# Prompt
With pictures left out, set down exactly the lines that begin at the one containing "Yoshihiro Yui等人发表了《Lung fibrosis" and end with the last line of the entries below.

---

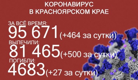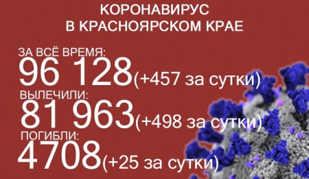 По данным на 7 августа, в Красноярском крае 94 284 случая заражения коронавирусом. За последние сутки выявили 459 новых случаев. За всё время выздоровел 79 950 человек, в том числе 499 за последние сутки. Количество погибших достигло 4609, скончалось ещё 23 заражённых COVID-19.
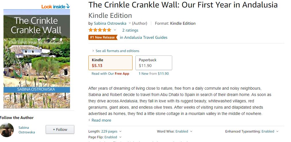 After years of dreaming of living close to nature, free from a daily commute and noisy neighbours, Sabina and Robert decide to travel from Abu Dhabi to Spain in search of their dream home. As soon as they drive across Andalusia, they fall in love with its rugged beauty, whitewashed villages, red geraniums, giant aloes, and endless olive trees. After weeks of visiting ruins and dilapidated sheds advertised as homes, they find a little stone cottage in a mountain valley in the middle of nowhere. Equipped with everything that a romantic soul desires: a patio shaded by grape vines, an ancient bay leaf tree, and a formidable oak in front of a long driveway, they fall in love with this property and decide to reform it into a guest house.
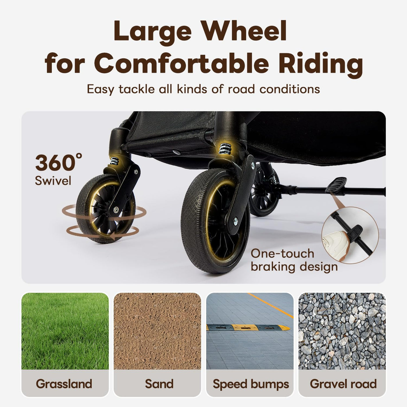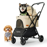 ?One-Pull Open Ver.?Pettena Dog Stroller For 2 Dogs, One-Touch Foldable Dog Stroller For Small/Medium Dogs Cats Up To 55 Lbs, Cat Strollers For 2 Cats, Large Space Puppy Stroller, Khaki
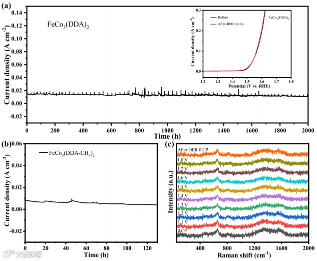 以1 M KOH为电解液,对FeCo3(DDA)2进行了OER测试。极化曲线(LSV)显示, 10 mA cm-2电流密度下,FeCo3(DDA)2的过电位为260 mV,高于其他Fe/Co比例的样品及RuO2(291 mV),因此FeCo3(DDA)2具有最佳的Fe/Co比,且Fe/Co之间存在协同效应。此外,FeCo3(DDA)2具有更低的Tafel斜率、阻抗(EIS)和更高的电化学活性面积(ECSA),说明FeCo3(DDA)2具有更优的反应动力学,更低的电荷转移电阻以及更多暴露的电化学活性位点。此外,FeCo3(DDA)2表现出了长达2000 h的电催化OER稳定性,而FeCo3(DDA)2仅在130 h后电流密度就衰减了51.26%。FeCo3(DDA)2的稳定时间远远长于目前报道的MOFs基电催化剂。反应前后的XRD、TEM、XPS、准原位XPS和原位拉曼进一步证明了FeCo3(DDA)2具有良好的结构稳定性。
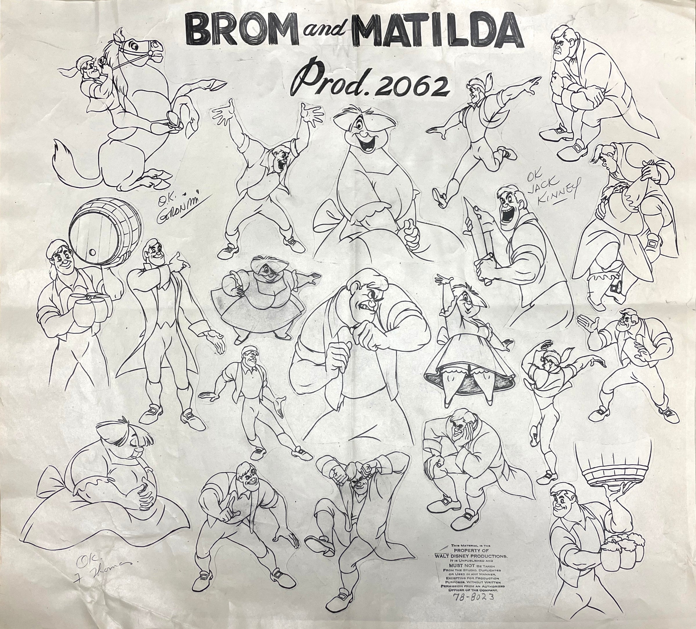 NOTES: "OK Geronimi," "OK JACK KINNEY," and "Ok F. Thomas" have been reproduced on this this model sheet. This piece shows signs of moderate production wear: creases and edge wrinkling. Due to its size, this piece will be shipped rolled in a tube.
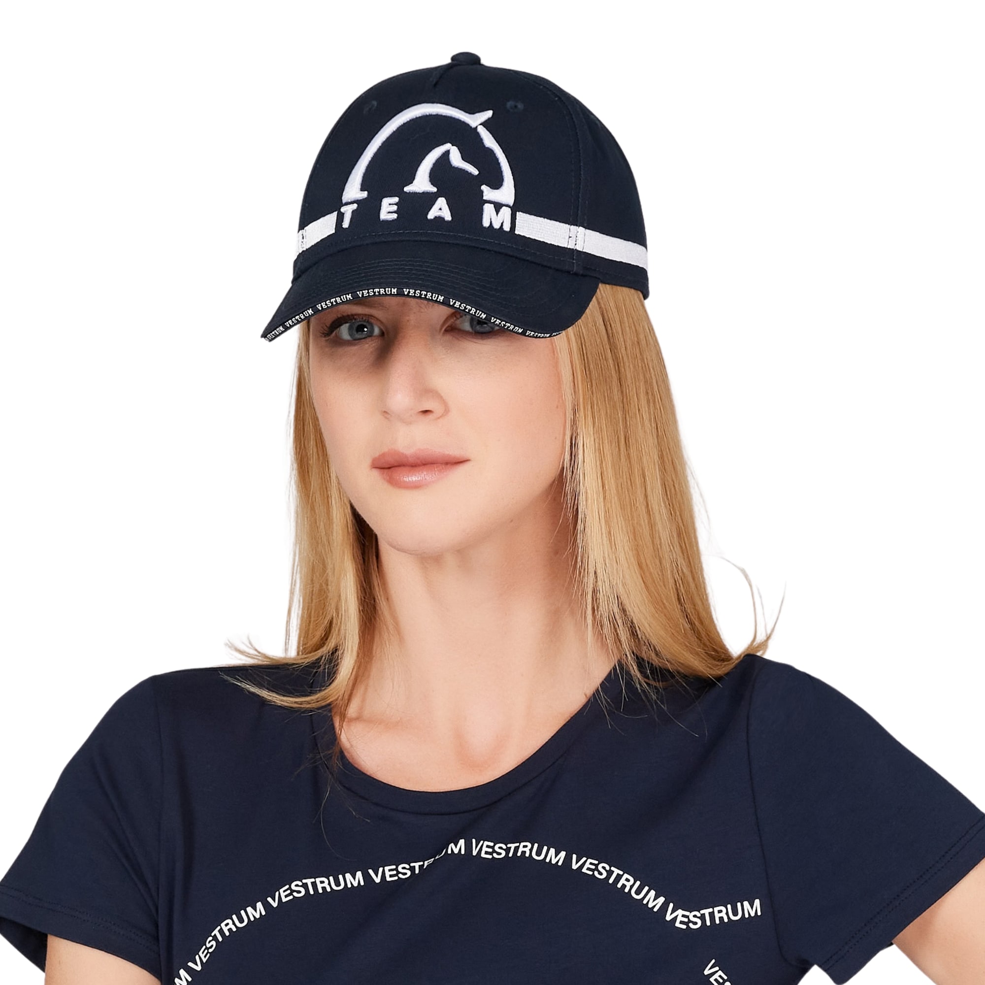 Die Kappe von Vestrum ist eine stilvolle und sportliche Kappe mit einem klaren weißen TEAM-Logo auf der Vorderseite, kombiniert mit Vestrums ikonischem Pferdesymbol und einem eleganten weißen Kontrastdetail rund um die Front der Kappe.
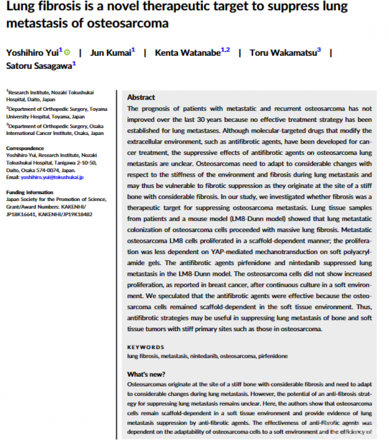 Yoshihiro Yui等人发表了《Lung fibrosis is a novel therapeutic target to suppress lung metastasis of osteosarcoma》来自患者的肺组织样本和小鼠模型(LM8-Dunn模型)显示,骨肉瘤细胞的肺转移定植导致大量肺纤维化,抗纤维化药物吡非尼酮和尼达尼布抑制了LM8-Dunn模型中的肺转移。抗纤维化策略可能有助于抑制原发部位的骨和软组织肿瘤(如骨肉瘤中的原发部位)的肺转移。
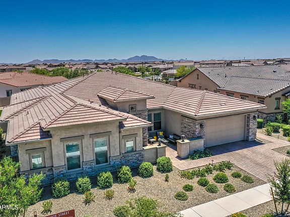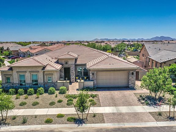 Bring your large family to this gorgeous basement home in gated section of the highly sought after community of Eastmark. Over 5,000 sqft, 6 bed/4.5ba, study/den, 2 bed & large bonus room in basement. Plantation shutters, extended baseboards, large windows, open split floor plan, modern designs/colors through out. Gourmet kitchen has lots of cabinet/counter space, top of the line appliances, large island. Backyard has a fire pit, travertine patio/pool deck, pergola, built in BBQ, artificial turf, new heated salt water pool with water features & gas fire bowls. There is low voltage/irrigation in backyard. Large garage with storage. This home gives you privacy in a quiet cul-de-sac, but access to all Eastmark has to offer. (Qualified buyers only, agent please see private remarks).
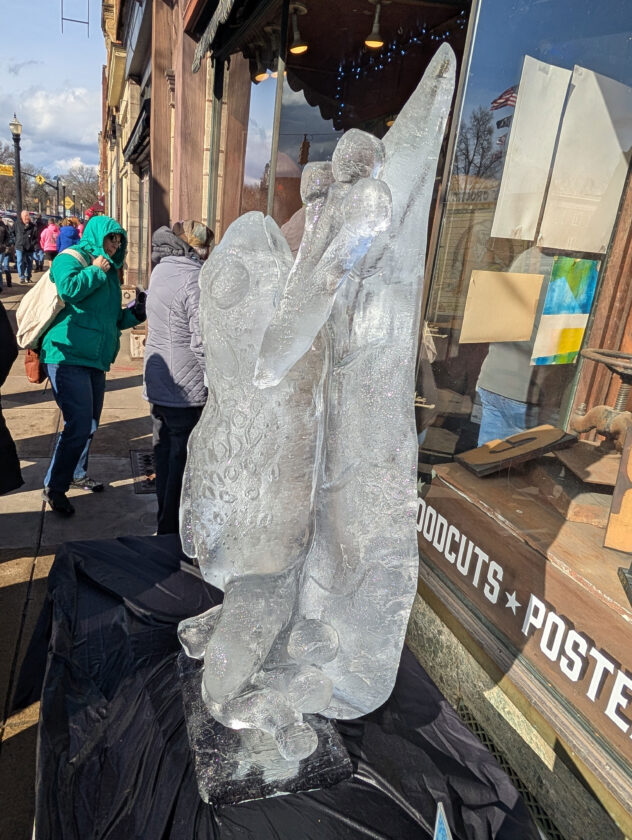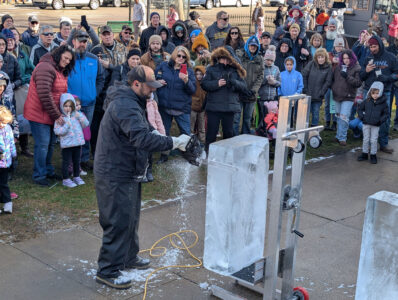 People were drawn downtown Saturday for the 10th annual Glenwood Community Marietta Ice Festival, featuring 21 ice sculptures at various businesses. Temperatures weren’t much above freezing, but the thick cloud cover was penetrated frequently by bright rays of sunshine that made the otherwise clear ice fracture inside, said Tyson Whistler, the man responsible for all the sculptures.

---

# Solution to the problem
 Yoshihiro Yui等人发表了《Lung fibrosis is a novel therapeutic target to suppress lung metastasis of osteosarcoma》来自患者的肺组织样本和小鼠模型(LM8-Dunn模型)显示,骨肉瘤细胞的肺转移定植导致大量肺纤维化,抗纤维化药物吡非尼酮和尼达尼布抑制了LM8-Dunn模型中的肺转移。抗纤维化策略可能有助于抑制原发部位的骨和软组织肿瘤(如骨肉瘤中的原发部位)的肺转移。
 Bring your large family to this gorgeous basement home in gated section of the highly sought after community of Eastmark. Over 5,000 sqft, 6 bed/4.5ba, study/den, 2 bed & large bonus room in basement. Plantation shutters, extended baseboards, large windows, open split floor plan, modern designs/colors through out. Gourmet kitchen has lots of cabinet/counter space, top of the line appliances, large island. Backyard has a fire pit, travertine patio/pool deck, pergola, built in BBQ, artificial turf, new heated salt water pool with water features & gas fire bowls. There is low voltage/irrigation in backyard. Large garage with storage. This home gives you privacy in a quiet cul-de-sac, but access to all Eastmark has to offer. (Qualified buyers only, agent please see private remarks).
 People were drawn downtown Saturday for the 10th annual Glenwood Community Marietta Ice Festival, featuring 21 ice sculptures at various businesses. Temperatures weren’t much above freezing, but the thick cloud cover was penetrated frequently by bright rays of sunshine that made the otherwise clear ice fracture inside, said Tyson Whistler, the man responsible for all the sculptures.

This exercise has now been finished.